— EXERCISE MATERIAL —
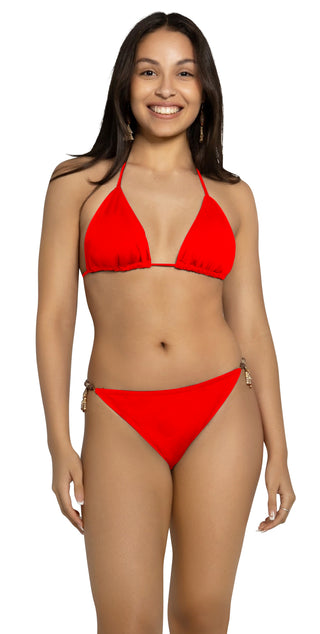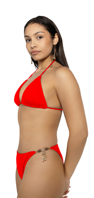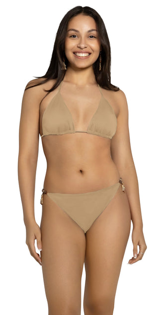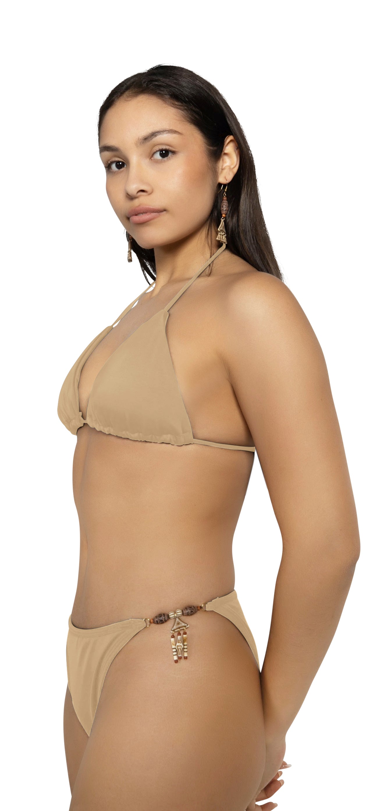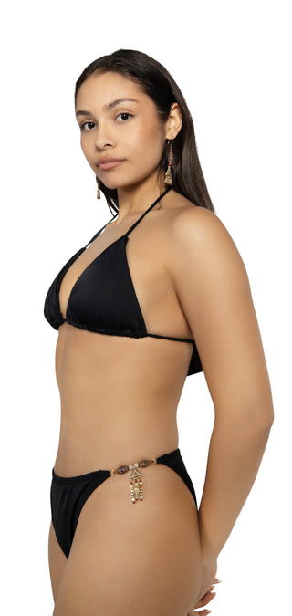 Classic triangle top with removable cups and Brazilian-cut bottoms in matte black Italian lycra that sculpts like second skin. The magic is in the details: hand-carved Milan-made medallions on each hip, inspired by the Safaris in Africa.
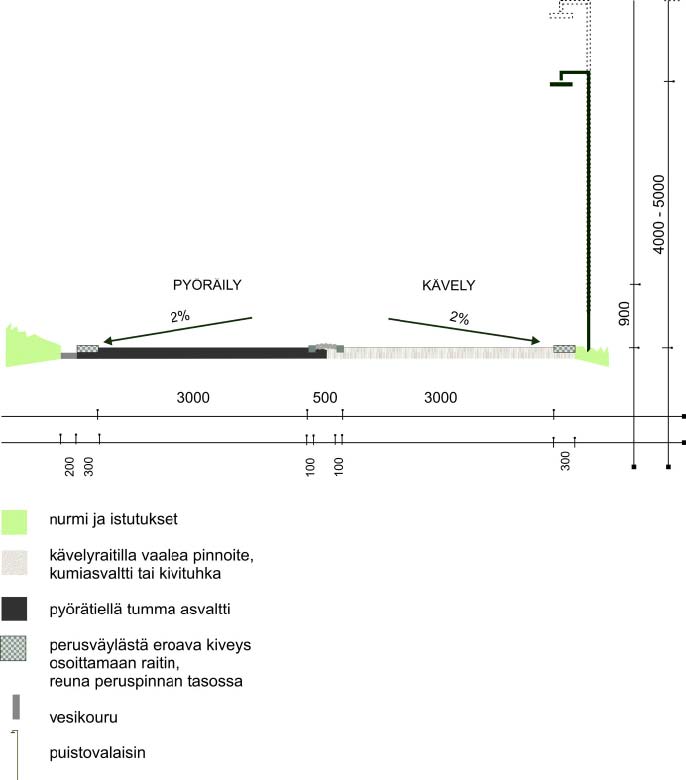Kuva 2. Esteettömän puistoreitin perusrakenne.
---
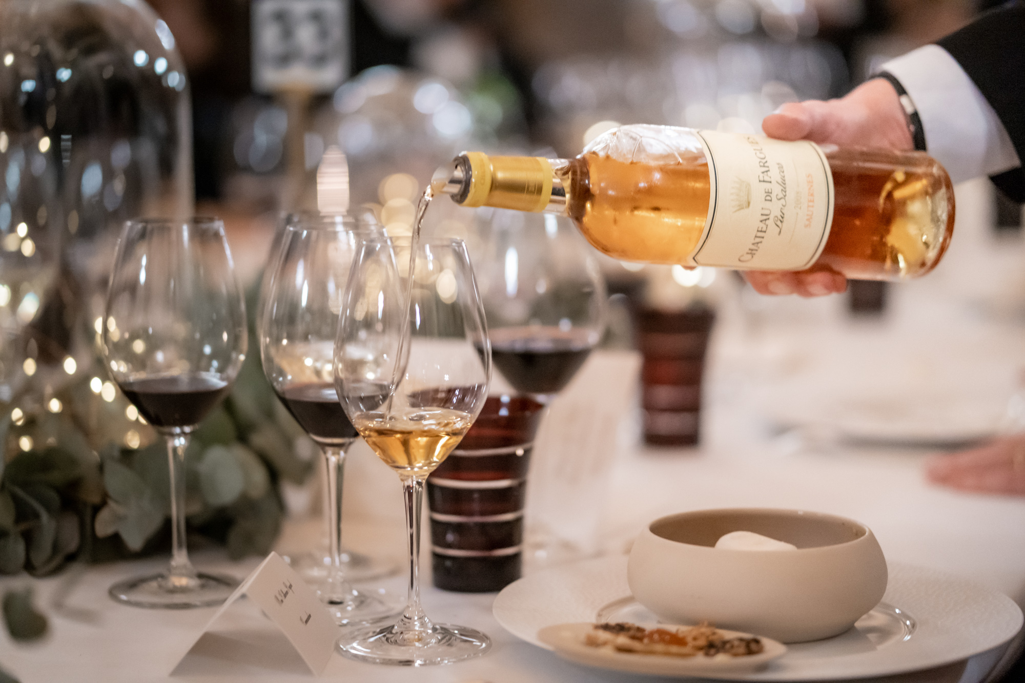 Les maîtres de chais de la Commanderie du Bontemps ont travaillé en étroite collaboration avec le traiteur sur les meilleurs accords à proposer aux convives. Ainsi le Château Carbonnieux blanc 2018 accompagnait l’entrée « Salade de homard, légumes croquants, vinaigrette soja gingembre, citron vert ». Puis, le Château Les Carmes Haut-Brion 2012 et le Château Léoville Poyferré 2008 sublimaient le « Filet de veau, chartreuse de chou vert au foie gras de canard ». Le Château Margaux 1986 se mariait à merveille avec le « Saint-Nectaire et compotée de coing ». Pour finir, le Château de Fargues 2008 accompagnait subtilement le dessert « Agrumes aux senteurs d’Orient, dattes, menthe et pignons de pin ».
---
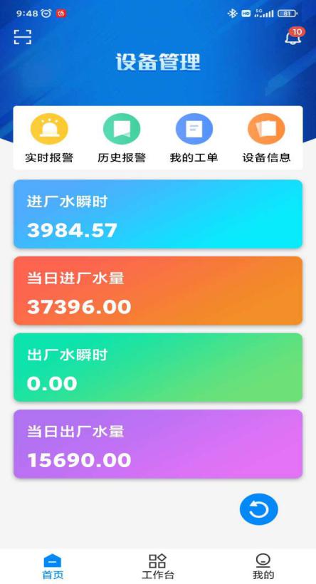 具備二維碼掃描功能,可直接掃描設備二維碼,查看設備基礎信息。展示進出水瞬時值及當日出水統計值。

— PROBLEM —
For this exercise, please set down exactly the lines of the listing above from the line with "Classic triangle top" up to and including the line with "Kuva 2. Esteettömän", and no pictures.

— COMPLETED EXERCISE —
 Classic triangle top with removable cups and Brazilian-cut bottoms in matte black Italian lycra that sculpts like second skin. The magic is in the details: hand-carved Milan-made medallions on each hip, inspired by the Safaris in Africa.
Kuva 2. Esteettömän puistoreitin perusrakenne.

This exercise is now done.